• _MATERIAL FOR THIS EXERCISE_:

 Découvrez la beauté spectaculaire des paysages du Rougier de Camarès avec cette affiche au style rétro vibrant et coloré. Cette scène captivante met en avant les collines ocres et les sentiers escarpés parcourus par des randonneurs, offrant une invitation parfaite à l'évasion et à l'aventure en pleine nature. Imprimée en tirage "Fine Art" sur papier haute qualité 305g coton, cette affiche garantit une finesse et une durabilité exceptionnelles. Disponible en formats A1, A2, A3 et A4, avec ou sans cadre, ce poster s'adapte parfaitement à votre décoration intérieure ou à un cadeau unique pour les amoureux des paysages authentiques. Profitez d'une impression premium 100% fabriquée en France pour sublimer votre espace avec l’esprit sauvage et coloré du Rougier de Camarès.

* * *

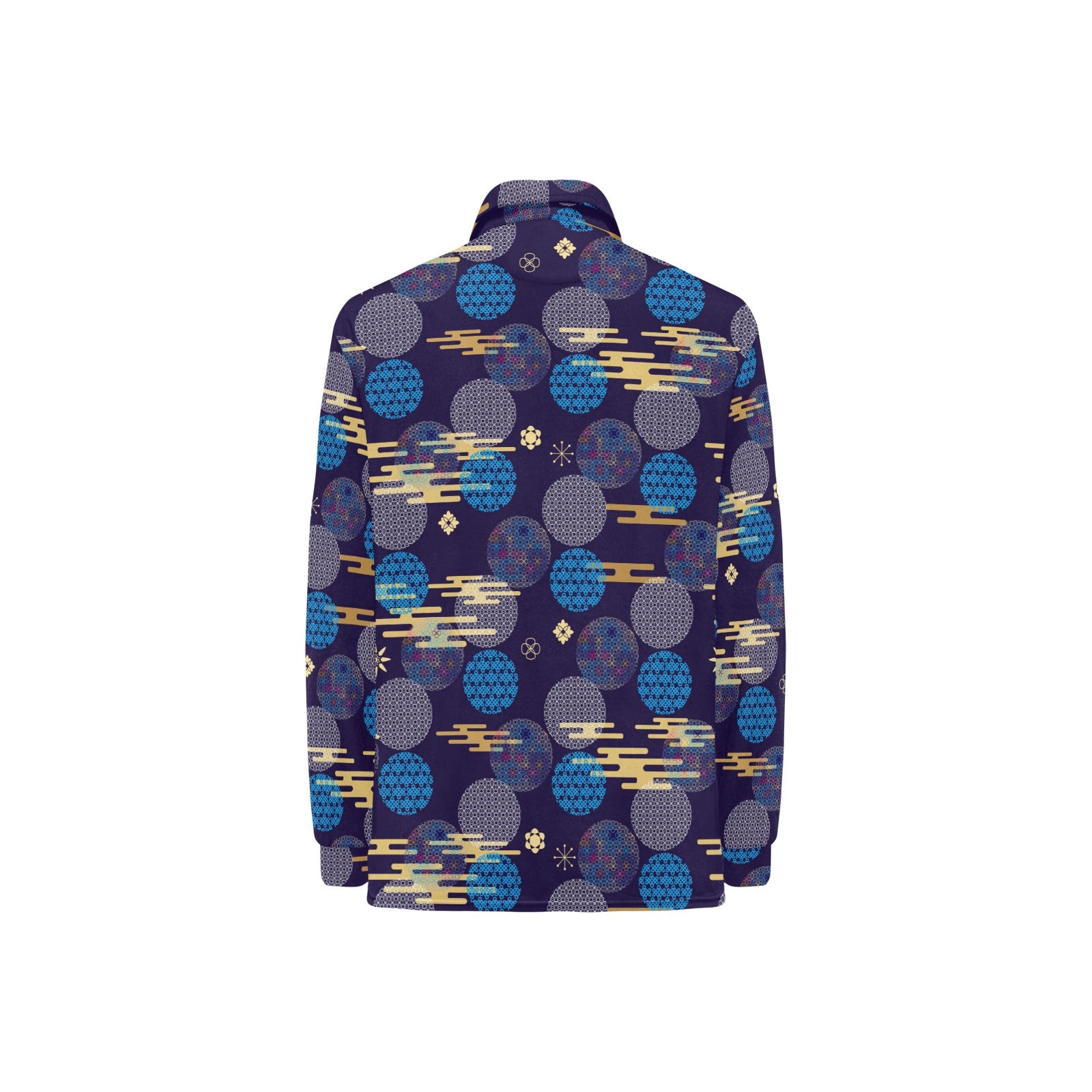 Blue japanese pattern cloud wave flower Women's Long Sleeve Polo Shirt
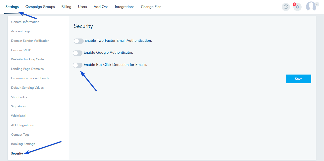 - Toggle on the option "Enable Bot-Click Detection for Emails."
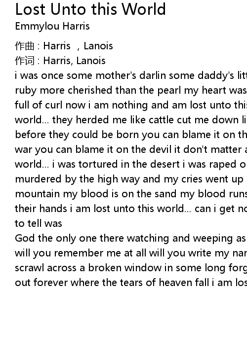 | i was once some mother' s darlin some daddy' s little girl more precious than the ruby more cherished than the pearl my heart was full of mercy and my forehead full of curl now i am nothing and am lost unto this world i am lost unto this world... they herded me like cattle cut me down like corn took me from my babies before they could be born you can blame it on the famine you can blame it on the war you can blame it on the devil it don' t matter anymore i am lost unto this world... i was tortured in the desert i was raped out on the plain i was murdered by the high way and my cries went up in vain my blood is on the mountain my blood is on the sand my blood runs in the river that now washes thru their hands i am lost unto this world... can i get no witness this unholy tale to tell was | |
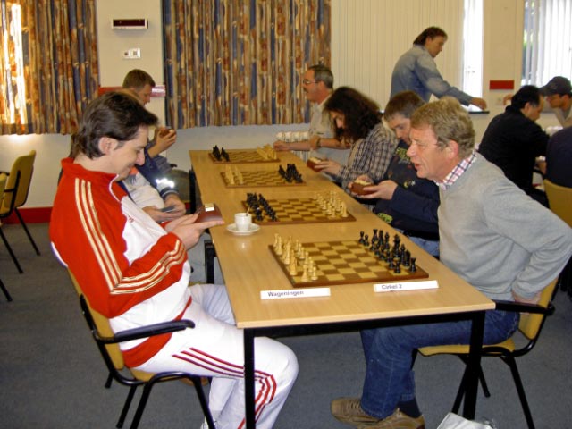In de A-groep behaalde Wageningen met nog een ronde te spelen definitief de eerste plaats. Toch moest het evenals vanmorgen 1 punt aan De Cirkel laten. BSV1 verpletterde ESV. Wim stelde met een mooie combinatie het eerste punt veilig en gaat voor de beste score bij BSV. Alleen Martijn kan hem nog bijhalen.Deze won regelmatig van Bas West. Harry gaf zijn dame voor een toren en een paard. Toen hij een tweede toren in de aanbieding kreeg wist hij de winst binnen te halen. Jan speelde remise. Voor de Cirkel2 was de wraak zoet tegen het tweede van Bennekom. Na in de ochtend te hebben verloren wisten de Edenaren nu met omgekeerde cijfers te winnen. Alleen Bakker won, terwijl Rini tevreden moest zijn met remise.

---

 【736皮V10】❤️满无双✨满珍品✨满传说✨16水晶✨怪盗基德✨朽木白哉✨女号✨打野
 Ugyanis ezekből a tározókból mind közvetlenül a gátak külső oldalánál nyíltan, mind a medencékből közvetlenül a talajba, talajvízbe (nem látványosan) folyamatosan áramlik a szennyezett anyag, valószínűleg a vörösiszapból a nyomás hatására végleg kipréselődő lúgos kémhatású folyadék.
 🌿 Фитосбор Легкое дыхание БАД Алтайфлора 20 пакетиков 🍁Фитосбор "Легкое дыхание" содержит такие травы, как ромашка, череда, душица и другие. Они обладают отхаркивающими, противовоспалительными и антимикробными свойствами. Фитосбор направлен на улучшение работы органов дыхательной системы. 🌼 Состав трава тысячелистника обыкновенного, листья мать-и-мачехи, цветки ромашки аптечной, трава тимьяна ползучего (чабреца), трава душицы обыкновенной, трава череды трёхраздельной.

• _PROBLEM_: Take only the lines above from the one that has "Blue japanese pattern" through the one that has "- Toggle on" and reproduce them exactly, omitting any pictures.

• _ANSWER AREA_:
 Blue japanese pattern cloud wave flower Women's Long Sleeve Polo Shirt
 - Toggle on the option "Enable Bot-Click Detection for Emails."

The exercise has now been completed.